▶ **Aim of the exercise**: With pictures left out, set down exactly the lines from the line containing "In Laos, the" through the last line of the data.

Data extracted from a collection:
——

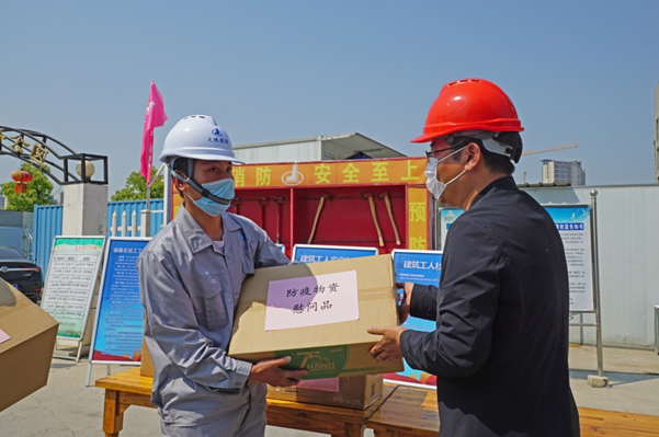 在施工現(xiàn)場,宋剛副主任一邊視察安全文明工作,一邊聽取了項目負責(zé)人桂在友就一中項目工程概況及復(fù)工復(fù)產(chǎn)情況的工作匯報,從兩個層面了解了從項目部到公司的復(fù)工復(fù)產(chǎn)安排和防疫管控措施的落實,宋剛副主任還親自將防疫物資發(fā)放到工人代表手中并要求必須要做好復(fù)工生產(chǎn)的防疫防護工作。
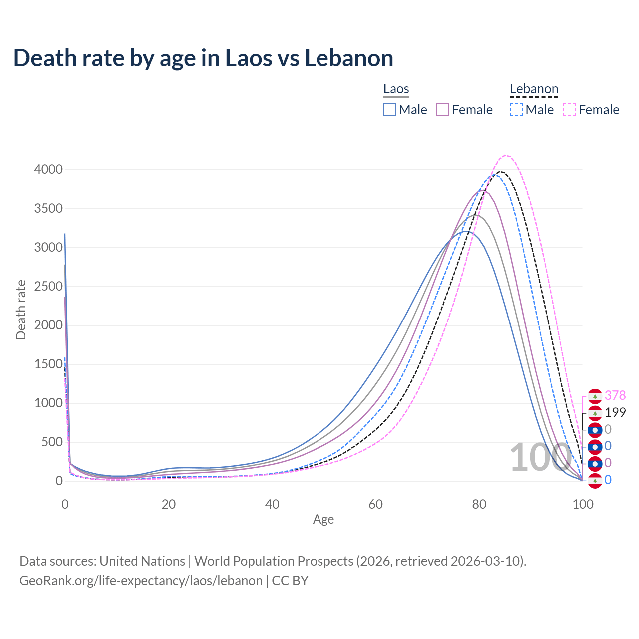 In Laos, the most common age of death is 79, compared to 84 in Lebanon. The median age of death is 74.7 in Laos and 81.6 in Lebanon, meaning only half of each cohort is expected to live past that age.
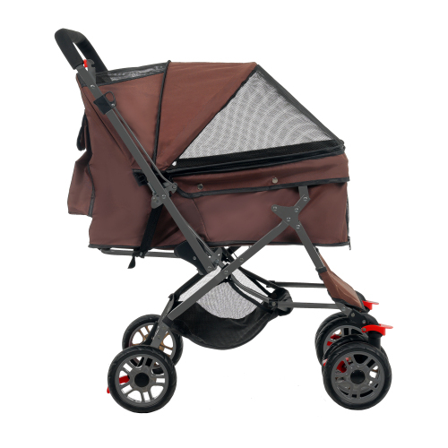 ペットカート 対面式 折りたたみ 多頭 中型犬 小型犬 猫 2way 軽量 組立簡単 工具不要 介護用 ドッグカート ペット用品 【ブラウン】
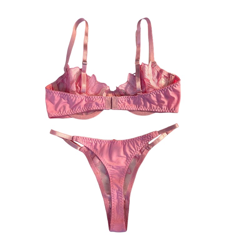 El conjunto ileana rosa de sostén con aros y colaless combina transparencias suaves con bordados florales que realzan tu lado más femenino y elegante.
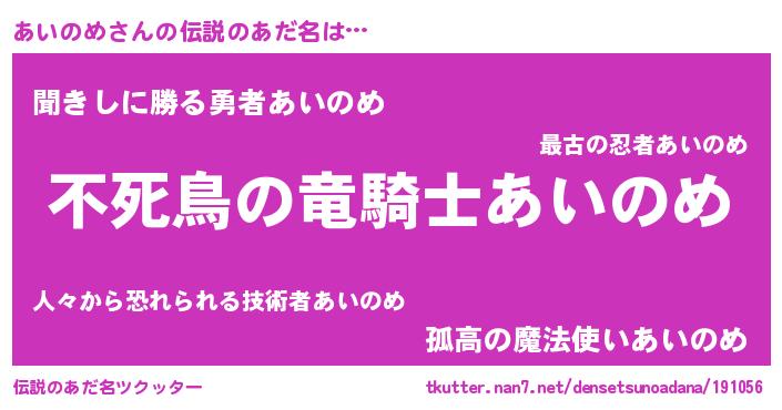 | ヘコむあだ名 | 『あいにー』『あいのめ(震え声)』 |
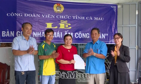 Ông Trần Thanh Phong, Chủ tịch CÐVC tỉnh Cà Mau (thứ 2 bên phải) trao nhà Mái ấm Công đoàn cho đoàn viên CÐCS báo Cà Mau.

——

▶ **Solved problem**:
 In Laos, the most common age of death is 79, compared to 84 in Lebanon. The median age of death is 74.7 in Laos and 81.6 in Lebanon, meaning only half of each cohort is expected to live past that age.
 ペットカート 対面式 折りたたみ 多頭 中型犬 小型犬 猫 2way 軽量 組立簡単 工具不要 介護用 ドッグカート ペット用品 【ブラウン】
 El conjunto ileana rosa de sostén con aros y colaless combina transparencias suaves con bordados florales que realzan tu lado más femenino y elegante.
 | ヘコむあだ名 | 『あいにー』『あいのめ(震え声)』 |
 Ông Trần Thanh Phong, Chủ tịch CÐVC tỉnh Cà Mau (thứ 2 bên phải) trao nhà Mái ấm Công đoàn cho đoàn viên CÐCS báo Cà Mau.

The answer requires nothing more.